CULTURE Laugh at me by Ifeanyi Awachie
f you’re at Yale and want to see some stand-up comedy, you basically have four options: go to Last Comic Standing, the competition that determines which student will open for the headliner of the Fall Show; go to the Fall Show, Yale’s annual comedy show featuring a popular stand-up comedian; go to the Cucumber, a regular open mic for student stand-up comedians hosted by the Yale Record, Yale’s humor magazine; or, see a show by Just the Tip, Yale’s only student stand-up comedy group. You should know, though, that the first two options are only possible in October. Ben Boult, SM ’14, and Cody Wilkins, ES ’14, had this limitation in mind when they founded Just the Tip.
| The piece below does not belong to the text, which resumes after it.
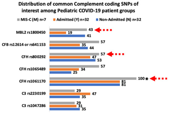 In line with the data on adults, a few studies have also supported the involvement of complement deregulation in severe COVID-19 in pediatric patients, which primarily manifests as SARS-CoV-2 induced Multisystem Inflammatory Syndrome in Children (MIS-C) (CDC, HAN Archive-00432) [36]. Our central aim was to identify complement coding SNPs of interest in patients with COVID-19 induced MIS-C or Kawasaki-like MIS-C pathologies (CDC, HAN Archive-00432) and compare their distributions in pediatric patients with acute COVID-19 that required admission or not.

Both competed in their freshman year to be in the Fall Show, which is where they first met. Although he had never performed stand-up comedy before, Wilkins won the competition and the chance to open, along with Yael Zinkow, SY ’12, for the Fall Show starring Michael Ian Black. As it turned out, Wilkins had a soccer game the day after the Fall Show, so he couldn’t perform. Because Boult had placed third in Last Comic Standing, he got to take Wilkins’ place at the Fall Show. Ironically, Wilkins broke his ankle at soccer practice, so he couldn’t play in his game and ended up going to the Fall Show and watching Boult’s opening act. Later, the two came up with the idea to start a group for stand-up comedians at Yale. Just the Tip hosted its first performance of the year Sunday, Oct. 14. Eric Nelson, SM ’16, performed in the show, titled “Don’t Cut Me Off.” Before his audition for the group, he’d never done stand-up. Nelson found the process of trying out for Just the Tip much more laid-back than that of auditioning for improv comedy or a cappella. “I was really not expecting to be asked to be in the show,” he said. “But I was, and I was overjoyed.” According to Nelson, what stand-up at Yale is missing is the kind of community other artistic groups have, and Just the Tip is helping to provide that community.
The Yale Herald (Oct. 19, 2012)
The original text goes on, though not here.